• **Task statement**: Once the line containing "RALPH LAUREN ダブルアールエル" appears, output it and each remaining line of the records below exactly, with no pictures and nothing more.

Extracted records
----

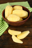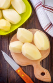 Surowe ziemniaki obrane w misce na deski do krojenia, na tle drewniane
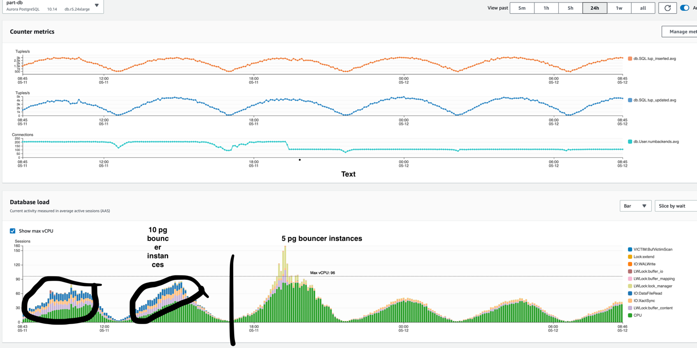 Application platforms offer dynamic connection pools, which define minimum and maximum and dynamically open and close connections per the application demand. We noticed a correlation between a high number of connections to the database, CPU usage, and the number of buffer_contnet LWLocks. For example, we loaded an Aurora PostgreSQL db.r5.24xlarge database with a positive sine wave of 700,000 inserts/second and 500,000 updates/second. We used two configurations: the first with PGBouncer, which limits that maximum of backend connections to 1,000, and a second configuration that connected the application directly to the database and was bounded by the application’s dynamic needs.
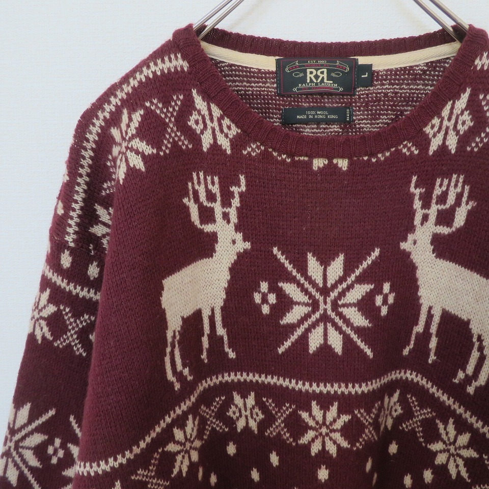 【ブランド】RRL RALPH LAUREN ダブルアールエル ラルフローレン【アイテム】ニット セーター【表記サイズ】L【平置き実寸】肩幅:約 53cm袖丈:約 65cm身幅:約 57cm着丈:約 66cm【状態】やや傷や汚れあり【備考】前身頃にほころび、穴がございます(画像5.6参照)【色】ボルドー系 ミックス【素材】画像をご参照ください。★当店の商品はすべてリユースアイテムとなります。特質上、些細なダメージは記載しておりませんので着用に問題のない使用感、着古した雰囲気などはご了承くださいませ。キーワード/アクイール/古着/used/ビンテージ/ヴィンテージ/昭和/レトロ/雪柄/トナカイ柄/希少色
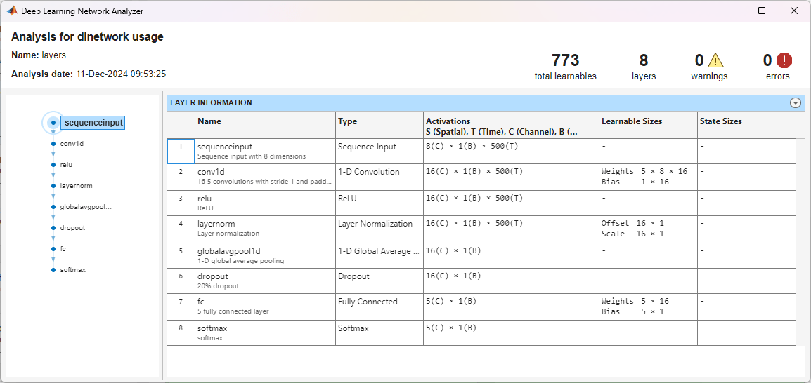 numFeatures = 8; numClasses = 5; layers = [ ... sequenceInputLayer(numFeatures,MinLength=frameSize,Normalization="zscore") convolution1dLayer(5,16,Padding="same") reluLayer layerNormalizationLayer globalAveragePooling1dLayer dropoutLayer(0.2) fullyConnectedLayer(numClasses) softmaxLayer];
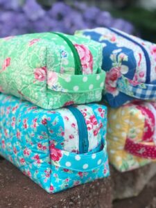 I have to admit that I intended to make a pattern for a box shape cosmetic zipper pouch and write the tutorial to share with you. However, there is a saying in the sewing world that goes something like this: “there is nothing new under the sun”… and as I was struggling to write the pattern I realized that I already owned the perfect pattern and there was absolutely no sense in trying to make it any better! So today, you will definitely want to purchase this pattern called The Holland Pouch by Kristina at Center Street Quilts. It’s under $10 and is the best, most well written and illustrated pattern.

----

• **Answer to this exercise**:
 【ブランド】RRL RALPH LAUREN ダブルアールエル ラルフローレン【アイテム】ニット セーター【表記サイズ】L【平置き実寸】肩幅:約 53cm袖丈:約 65cm身幅:約 57cm着丈:約 66cm【状態】やや傷や汚れあり【備考】前身頃にほころび、穴がございます(画像5.6参照)【色】ボルドー系 ミックス【素材】画像をご参照ください。★当店の商品はすべてリユースアイテムとなります。特質上、些細なダメージは記載しておりませんので着用に問題のない使用感、着古した雰囲気などはご了承くださいませ。キーワード/アクイール/古着/used/ビンテージ/ヴィンテージ/昭和/レトロ/雪柄/トナカイ柄/希少色
 numFeatures = 8; numClasses = 5; layers = [ ... sequenceInputLayer(numFeatures,MinLength=frameSize,Normalization="zscore") convolution1dLayer(5,16,Padding="same") reluLayer layerNormalizationLayer globalAveragePooling1dLayer dropoutLayer(0.2) fullyConnectedLayer(numClasses) softmaxLayer];
 I have to admit that I intended to make a pattern for a box shape cosmetic zipper pouch and write the tutorial to share with you. However, there is a saying in the sewing world that goes something like this: “there is nothing new under the sun”… and as I was struggling to write the pattern I realized that I already owned the perfect pattern and there was absolutely no sense in trying to make it any better! So today, you will definitely want to purchase this pattern called The Holland Pouch by Kristina at Center Street Quilts. It’s under $10 and is the best, most well written and illustrated pattern.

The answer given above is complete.